Everyone knows that war romances never last . . .
After a whirlwind romance and wedding, Helen Eberhart Daley, an army nurse, and Lieutenant Frank Daley, M.D. are sent to the front lines of Europe with only letters to connect them for months at a time.

Surrounded by danger and desperately wounded patients, they soon find that only the war seems real—and their marriage more and more like a distant dream. If they make it through the war, will their marriage survive?

Based on the incredible true love story, With Love, Wherever You Are is an adult novel from beloved children’s author Dandi Daley Mackall.

Product Details

ISBN-13: 9781496421258
Publisher: Tyndale House Publishers
Publication date: 03/07/2017
Sold by: Barnes & Noble
Format: eBook
Pages: 480
File size: 10 MB

About the Author


Dandi Daley Mackall is the award-winning author of nearly 500 books for children and adults.

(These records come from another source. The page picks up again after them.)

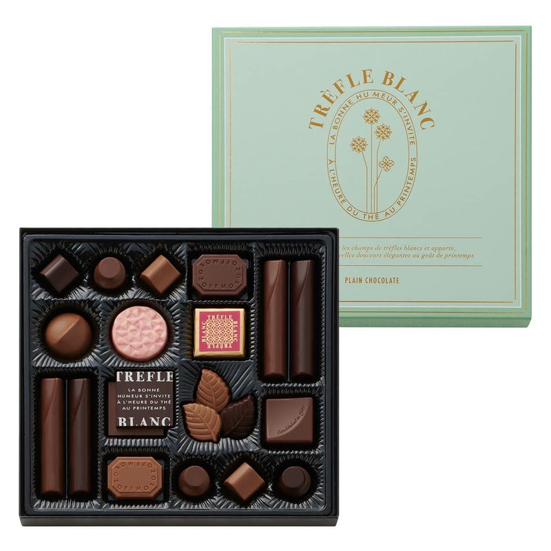 爽やかなライトグリーンのボックスにスイート、ミルク、エキストラミルクなど、なめらかな口どけのチョコレートをボリューム感たっぷりにアソート。春の訪れを感じるピンクのストロベリーチョコレートがアクセントに。【お酒不使用】
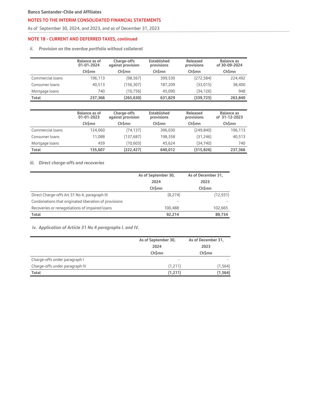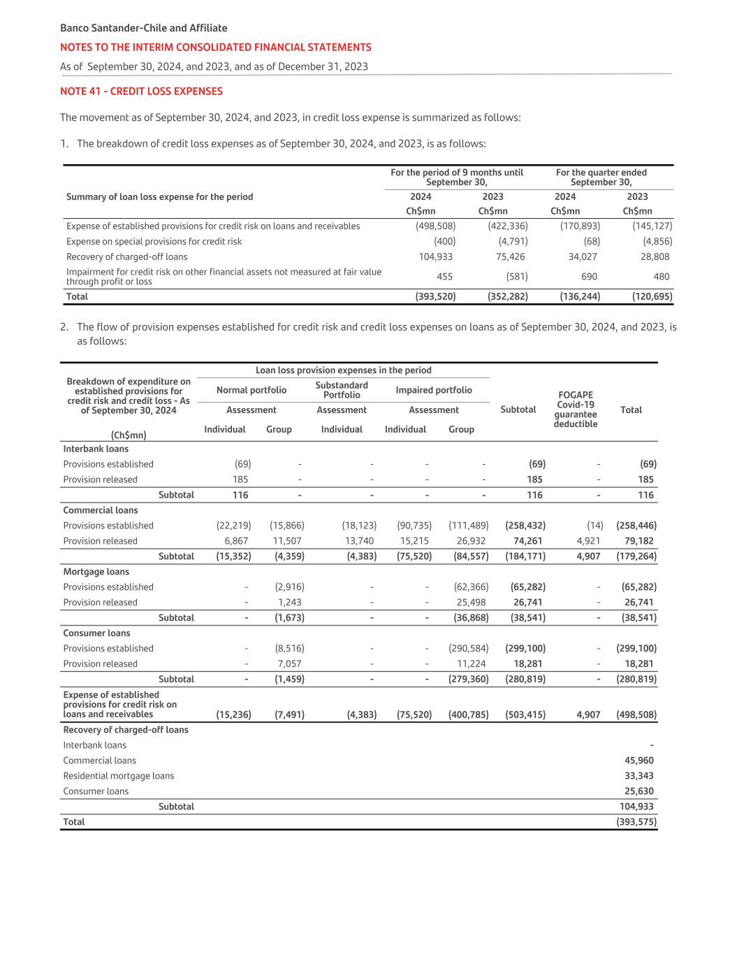 NOTE 41 - CREDIT LOSS EXPENSES The movement as of September 30, 2024, and 2023, in credit loss expense is summarized as follows: 1. The breakdown of credit loss expenses as of September 30, 2024, and 2023, is as follows: For the period of 9 months until September 30, For the quarter ended September 30, Summary of loan loss expense for the period 2024 2023 2024 2023 Ch$mn Ch$mn Ch$mn Ch$mn Expense of established provisions for credit risk on loans and receivables (498,508) (422,336) (170,893) (145,127) Expense on special provisions for credit risk (400) (4,791) (68) (4,856) Recovery of charged-off loans 104,933 75,426 34,027 28,808 Impairment for credit risk on other financial assets not measured at fair value through profit or loss 455 (581) 690 480 Total (393,520) (352,282) (136,244) (120,695) 2. The flow of provision expenses established for credit risk and credit loss expenses on loans as of September 30, 2024, and 2023, is as follows: Breakdown of expenditure on established provisions for credit risk and credit loss - As of September 30, 2024 Loan loss provision expenses in the period Normal portfolio Substandard Portfolio Impaired portfolio Subtotal FOGAPE Covid-19 guarantee deductible Assessment Assessment Assessment Total Individual Group Individual Individual Group(Ch$mn) Interbank loans Provisions established (69) - - - - (69) - (69) Provision released 185 - - - - 185 - 185 Subtotal 116 - - - - 116 - 116 Commercial loans Provisions established (22,219) (15,866) (18,123) (90,735) (111,489) (258,432) (14) (258,446) Provision released 6,867 11,507 13,740 15,215 26,932 74,261 4,921 79,182 Subtotal (15,352) (4,359) (4,383) (75,520) (84,557) (184,171) 4,907 (179,264) Mortgage loans Provisions established - (2,916) - - (62,366) (65,282) - (65,282) Provision released - 1,243 - - 25,498 26,741 - 26,741 Subtotal - (1,673) - - (36,868) (38,541) - (38,541) Consumer loans Provisions established - (8,516) - - (290,584) (299,100) - (299,100) Provision released - 7,057 - - 11,224 18,281 - 18,281 Subtotal - (1,459) - - (279,360) (280,819) - (280,819) Expense of established provisions for credit risk on loans and receivables (15,236) (7,491) (4,383) (75,520) (400,785) (503,415) 4,907 (498,508) Recovery of charged-off loans Interbank loans - Commercial loans 45,960 Residential mortgage loans 33,343 Consumer loans 25,630 Subtotal 104,933 Total (393,575) Banco Santander-Chile and Affiliate NOTES TO THE INTERIM CONSOLIDATED FINANCIAL STATEMENTS As of September 30, 2024, and 2023, and as of December 31, 2023
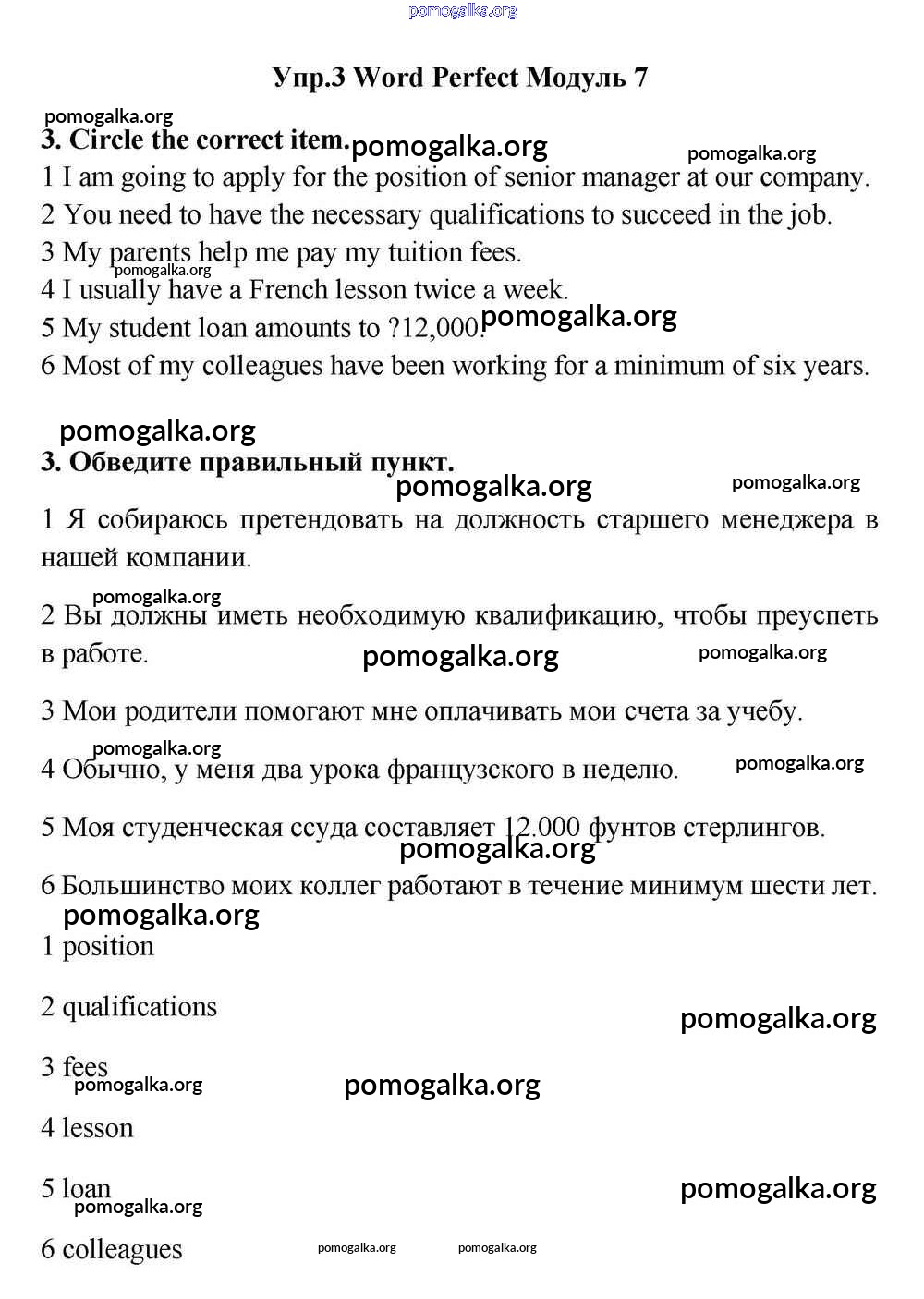 Готовые ответы - Английский язык 11 класс Эванс Spotlight - module 7 work perfect 3

She visits countless schools and presents keynote addresses at conferences across the United States. Her novel My Boyfriends’ Dogs is now a Hallmark movie. Dandi writes from rural Ohio, here she lives with her family. Visit her online at dandibooks.com.

Read an Excerpt

With Love, Wherever You Are

A Novel


By Dandi A. Mackall, Sarah Mason Rische

Tyndale House Publishers

Copyright © 2017 Dandi A. Mackall
All rights reserved.
ISBN: 978-1-4964-2122-7


CHAPTER 1

Helen


Evanston, Illinois

Dec. 7, 1941

What now? Helen Eberhart elbowed her way through the mass of student nurses crowding the hospital bulletin board. If she were in charge, she would come up with a better system for assigning duties and shifts. Couldn't this top-notch hospital afford more than one bulletin board, at the very least? Student nurses had to check several times a day, and heaven help the would-be nurse who missed one duty, one time change, one announcement.

She scanned the list until she got to her name. "Swell," she muttered. Extra duties and extra hours. When was she supposed to study for her anatomy test?

She turned and stood on tiptoes to relay the bad news to her roommate. At five feet eight, half a foot taller than Helen, Lucille was easy to spot. "Lucille! Get coffee! We've both pulled extra —"

"Shhh! Shush, everybody!"

Helen wasn't sure who'd said it, but the whole group quieted to a murmur. The PA system crackled and screeched — another thing she'd see to if she ever got to run things. Two white-jacketed interns strutting up the hall stopped and stared at the metal loudspeaker as if waiting for God — or the chief of staff — to issue at least ten commandments.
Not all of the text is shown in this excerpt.